Die menschen, van heinde en ver gekomen, bidden en smeekten Mgr., als eene genade, om in de hut te worden toegelaten: de Bisschop, die wel degelijk alles wilde vermijden wat als eene officiëele bekrachtiging van zijne zijde, kon aanzien worden en enkel en alleen als onderzoeker wilde optreden, kon echter aan den drang geen weêrstand bieden.
In groepen van tien personen werd het publiek toegelaten. De levendige ontroering, welke zich van die menschen meester maakte, is niet te beschrijven. Velen zonken als instinktievelijk op de knieën en er waren dames, welke den zakdoek uitstaken om de bloedende wonden aan te raken.
Toen richtte de Bisschop zich levendig op riep haar toe: ‘geene afgoderij!’ (pas d'idolâtrie.)

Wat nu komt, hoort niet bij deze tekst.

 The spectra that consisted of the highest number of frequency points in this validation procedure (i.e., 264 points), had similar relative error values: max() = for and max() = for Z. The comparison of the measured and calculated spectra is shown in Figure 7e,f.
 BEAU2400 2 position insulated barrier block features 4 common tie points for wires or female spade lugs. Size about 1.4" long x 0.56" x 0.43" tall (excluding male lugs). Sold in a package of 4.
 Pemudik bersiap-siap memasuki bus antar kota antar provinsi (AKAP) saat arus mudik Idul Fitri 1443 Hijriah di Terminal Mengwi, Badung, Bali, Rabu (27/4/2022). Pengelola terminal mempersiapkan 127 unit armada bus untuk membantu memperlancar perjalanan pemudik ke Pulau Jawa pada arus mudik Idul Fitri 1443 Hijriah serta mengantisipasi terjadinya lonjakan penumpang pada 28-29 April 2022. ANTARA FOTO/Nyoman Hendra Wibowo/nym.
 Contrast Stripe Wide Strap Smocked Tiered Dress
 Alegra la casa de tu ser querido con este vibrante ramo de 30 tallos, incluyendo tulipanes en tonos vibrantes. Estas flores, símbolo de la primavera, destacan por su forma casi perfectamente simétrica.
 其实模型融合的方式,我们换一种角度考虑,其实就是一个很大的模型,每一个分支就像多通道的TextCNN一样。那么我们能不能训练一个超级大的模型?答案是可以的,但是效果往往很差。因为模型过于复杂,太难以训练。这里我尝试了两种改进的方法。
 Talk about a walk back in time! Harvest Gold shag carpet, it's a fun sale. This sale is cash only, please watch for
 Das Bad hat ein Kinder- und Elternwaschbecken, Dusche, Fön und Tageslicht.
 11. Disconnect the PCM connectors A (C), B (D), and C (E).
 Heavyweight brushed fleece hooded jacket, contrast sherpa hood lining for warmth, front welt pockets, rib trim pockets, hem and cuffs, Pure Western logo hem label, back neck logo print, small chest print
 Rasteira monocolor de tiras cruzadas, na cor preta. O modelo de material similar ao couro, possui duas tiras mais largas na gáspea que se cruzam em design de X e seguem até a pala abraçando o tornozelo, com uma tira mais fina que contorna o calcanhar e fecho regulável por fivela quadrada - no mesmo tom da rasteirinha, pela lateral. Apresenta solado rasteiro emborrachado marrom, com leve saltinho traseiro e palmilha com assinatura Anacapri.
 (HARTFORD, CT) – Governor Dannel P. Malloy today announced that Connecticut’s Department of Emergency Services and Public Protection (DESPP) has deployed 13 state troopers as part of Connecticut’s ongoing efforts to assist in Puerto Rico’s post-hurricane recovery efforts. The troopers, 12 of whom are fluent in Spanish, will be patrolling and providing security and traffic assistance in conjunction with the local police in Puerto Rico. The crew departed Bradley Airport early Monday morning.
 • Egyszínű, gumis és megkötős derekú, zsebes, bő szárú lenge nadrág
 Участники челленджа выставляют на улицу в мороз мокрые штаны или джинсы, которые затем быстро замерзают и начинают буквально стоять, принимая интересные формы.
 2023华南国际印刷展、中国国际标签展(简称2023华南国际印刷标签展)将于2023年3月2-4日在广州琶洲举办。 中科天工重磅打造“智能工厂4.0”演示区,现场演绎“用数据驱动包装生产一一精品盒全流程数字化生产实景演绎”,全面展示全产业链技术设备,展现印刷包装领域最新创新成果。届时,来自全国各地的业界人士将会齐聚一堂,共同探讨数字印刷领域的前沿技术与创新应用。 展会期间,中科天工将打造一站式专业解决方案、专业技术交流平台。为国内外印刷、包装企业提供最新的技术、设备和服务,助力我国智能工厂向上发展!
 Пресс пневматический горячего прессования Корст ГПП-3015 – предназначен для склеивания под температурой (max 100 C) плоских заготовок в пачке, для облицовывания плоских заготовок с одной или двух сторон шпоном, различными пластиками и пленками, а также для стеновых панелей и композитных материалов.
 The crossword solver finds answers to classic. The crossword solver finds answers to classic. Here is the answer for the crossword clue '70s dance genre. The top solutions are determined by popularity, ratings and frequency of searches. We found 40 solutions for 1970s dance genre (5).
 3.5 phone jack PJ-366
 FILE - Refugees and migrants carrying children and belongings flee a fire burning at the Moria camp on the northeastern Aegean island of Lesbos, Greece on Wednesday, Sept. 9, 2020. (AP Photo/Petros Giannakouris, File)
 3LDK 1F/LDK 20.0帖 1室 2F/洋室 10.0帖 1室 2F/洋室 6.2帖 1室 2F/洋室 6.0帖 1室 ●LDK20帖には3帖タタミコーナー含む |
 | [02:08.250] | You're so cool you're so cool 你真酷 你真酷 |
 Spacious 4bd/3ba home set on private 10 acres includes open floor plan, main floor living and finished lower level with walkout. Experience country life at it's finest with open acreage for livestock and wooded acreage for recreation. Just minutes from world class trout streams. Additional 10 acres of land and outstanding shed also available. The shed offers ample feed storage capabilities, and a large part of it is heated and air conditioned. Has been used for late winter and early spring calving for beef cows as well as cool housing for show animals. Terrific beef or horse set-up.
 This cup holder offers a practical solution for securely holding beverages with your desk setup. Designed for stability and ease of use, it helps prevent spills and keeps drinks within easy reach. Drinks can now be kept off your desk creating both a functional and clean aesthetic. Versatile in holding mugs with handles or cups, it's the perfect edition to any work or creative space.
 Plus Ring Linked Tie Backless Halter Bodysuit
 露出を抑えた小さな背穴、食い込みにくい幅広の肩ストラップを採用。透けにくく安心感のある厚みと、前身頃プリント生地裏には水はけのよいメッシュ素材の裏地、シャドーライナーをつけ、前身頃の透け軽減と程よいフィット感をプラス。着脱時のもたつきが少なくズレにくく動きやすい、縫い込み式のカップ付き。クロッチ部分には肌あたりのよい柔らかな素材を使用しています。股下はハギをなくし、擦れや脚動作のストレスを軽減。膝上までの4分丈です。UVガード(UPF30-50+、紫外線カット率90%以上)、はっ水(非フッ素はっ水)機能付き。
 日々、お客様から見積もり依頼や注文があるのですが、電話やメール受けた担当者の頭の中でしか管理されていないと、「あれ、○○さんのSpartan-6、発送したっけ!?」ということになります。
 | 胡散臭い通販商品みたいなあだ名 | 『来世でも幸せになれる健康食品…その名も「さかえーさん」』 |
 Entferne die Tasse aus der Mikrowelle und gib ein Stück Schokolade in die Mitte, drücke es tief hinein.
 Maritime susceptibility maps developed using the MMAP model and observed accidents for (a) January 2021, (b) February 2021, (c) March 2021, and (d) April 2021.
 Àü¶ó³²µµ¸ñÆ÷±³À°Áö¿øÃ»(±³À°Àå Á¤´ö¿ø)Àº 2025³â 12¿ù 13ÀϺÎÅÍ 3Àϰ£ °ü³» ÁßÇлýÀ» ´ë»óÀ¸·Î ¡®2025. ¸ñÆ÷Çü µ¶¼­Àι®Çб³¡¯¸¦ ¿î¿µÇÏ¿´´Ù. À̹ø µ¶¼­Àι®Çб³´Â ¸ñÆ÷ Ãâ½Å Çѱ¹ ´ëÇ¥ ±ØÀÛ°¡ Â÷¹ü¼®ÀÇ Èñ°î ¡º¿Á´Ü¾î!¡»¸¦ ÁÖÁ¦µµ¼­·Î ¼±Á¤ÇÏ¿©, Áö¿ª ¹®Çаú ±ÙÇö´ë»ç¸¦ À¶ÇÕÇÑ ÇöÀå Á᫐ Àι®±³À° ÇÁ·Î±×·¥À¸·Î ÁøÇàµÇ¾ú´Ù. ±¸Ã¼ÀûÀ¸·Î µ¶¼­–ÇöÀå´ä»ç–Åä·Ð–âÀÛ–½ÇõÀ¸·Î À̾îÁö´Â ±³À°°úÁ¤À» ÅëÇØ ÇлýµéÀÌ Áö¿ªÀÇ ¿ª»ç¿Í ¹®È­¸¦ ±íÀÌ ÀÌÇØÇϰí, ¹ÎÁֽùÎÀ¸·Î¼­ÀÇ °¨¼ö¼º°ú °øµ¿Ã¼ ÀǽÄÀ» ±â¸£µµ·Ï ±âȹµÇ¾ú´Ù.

Dezelfde briefschrijver, aan wien wij deze bijzonderheden grootendeels ontleenen, zegt nog:
‘Een feit heeft mij vooral getroffen. Omtrent 's middags riep Mgr., Louise uit hare diepe verrukking, door haren naam zeer zacht uit te spreken. Louise kende den bisschop niet, die de hut was binnen getreden toen gezegde toestand reeds aanvang genomen had. Hare eerste beweging was, hare handen met een linnen doek te bedekken, die op hare knieën lag, die ziele-zedigheid trof mij....
De Bisschop had een onderhoud met Louise Lateau, en het eerste wat zij hem vroeg, zooals Mgr. nadien verklaarde, was, haar toch toe te laten verborgen te leven en die bezoeken, te verwijderen welke de rust van haren familiekring stoorden.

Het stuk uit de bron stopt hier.